__What you need to do__
In the entries below, begin at the line that has "Clássica, confortável e", stop after the line that has "The Cobalt Sapphire", and output those lines exactly with no pictures.

__Input__
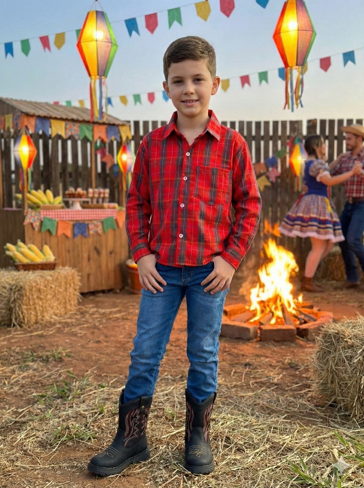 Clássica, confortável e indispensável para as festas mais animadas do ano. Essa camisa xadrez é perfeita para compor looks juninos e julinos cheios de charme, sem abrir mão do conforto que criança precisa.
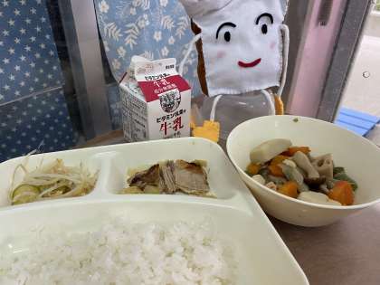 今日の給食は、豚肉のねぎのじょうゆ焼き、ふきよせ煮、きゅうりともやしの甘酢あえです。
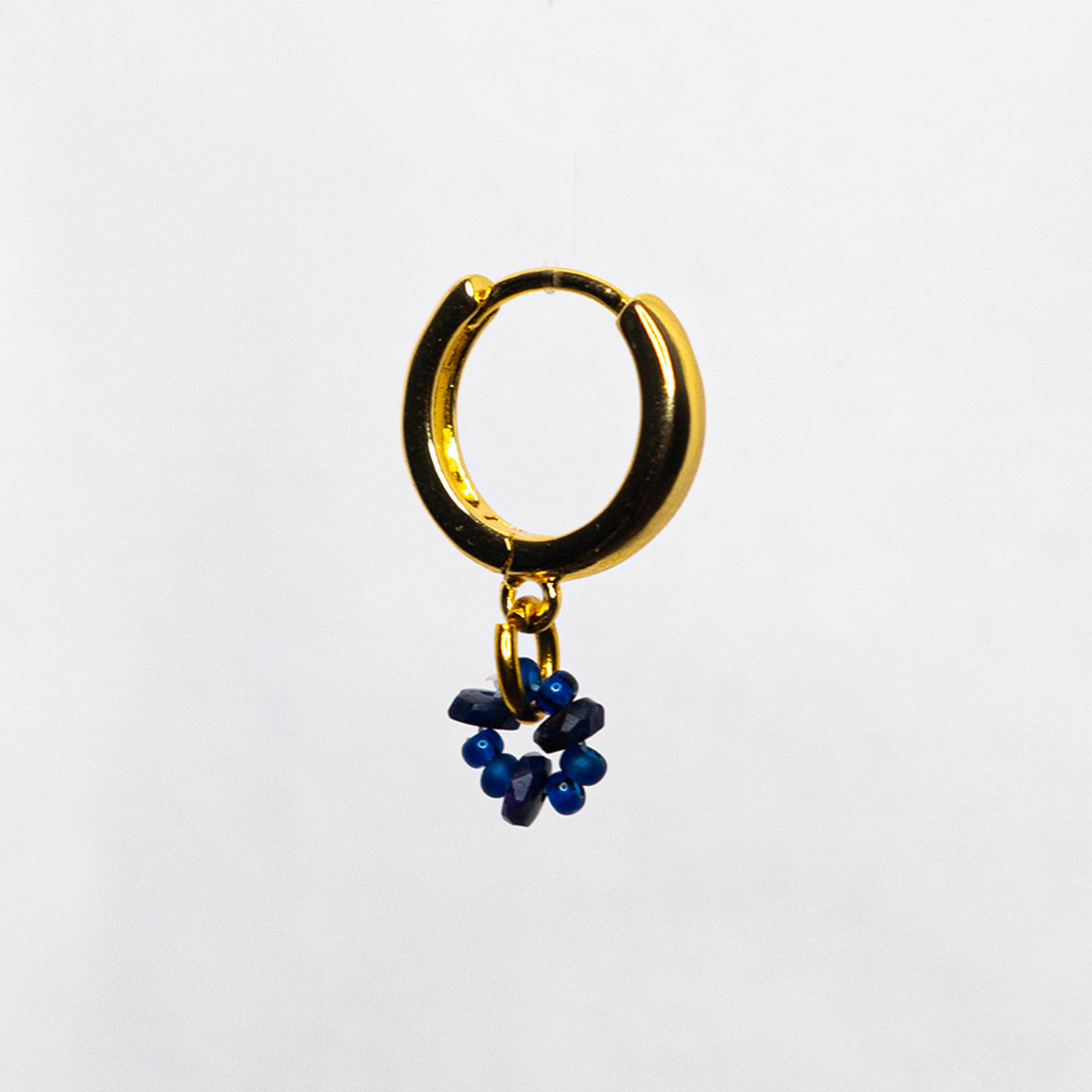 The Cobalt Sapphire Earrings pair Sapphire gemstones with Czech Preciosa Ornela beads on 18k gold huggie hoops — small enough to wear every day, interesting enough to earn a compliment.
---
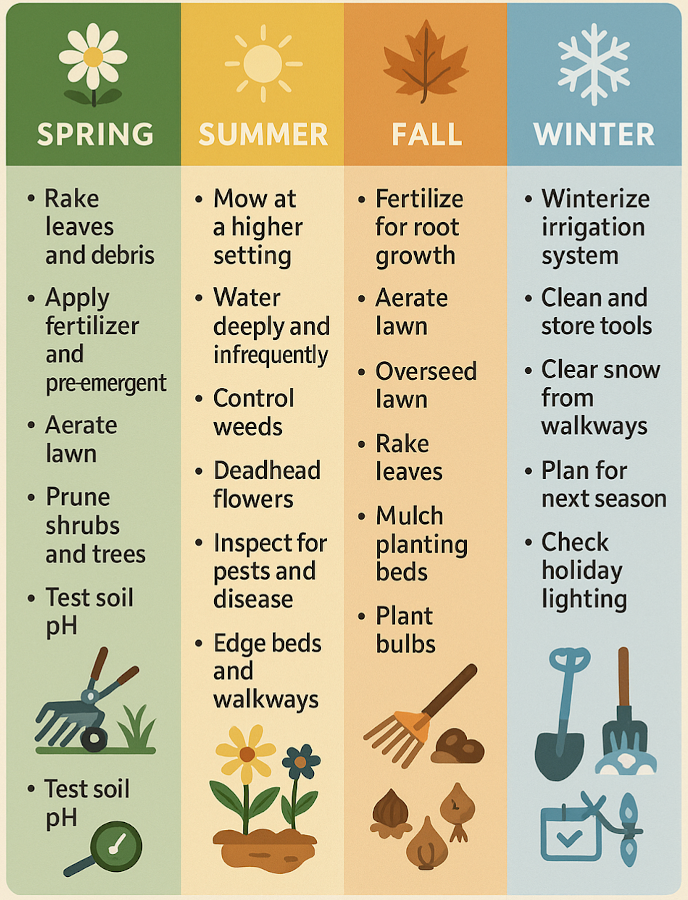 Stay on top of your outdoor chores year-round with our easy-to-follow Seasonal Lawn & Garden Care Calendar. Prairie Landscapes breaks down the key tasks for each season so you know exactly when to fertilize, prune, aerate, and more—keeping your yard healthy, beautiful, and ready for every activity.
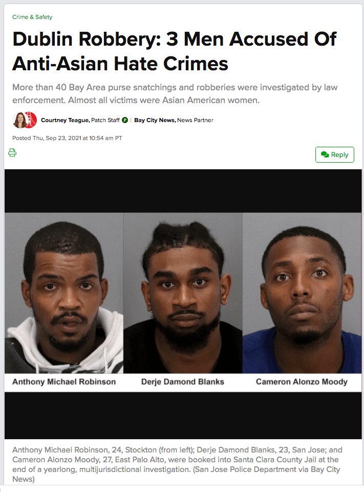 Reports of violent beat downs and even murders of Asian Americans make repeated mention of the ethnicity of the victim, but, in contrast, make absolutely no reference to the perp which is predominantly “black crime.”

__Response area__
 Clássica, confortável e indispensável para as festas mais animadas do ano. Essa camisa xadrez é perfeita para compor looks juninos e julinos cheios de charme, sem abrir mão do conforto que criança precisa.
 今日の給食は、豚肉のねぎのじょうゆ焼き、ふきよせ煮、きゅうりともやしの甘酢あえです。
 The Cobalt Sapphire Earrings pair Sapphire gemstones with Czech Preciosa Ornela beads on 18k gold huggie hoops — small enough to wear every day, interesting enough to earn a compliment.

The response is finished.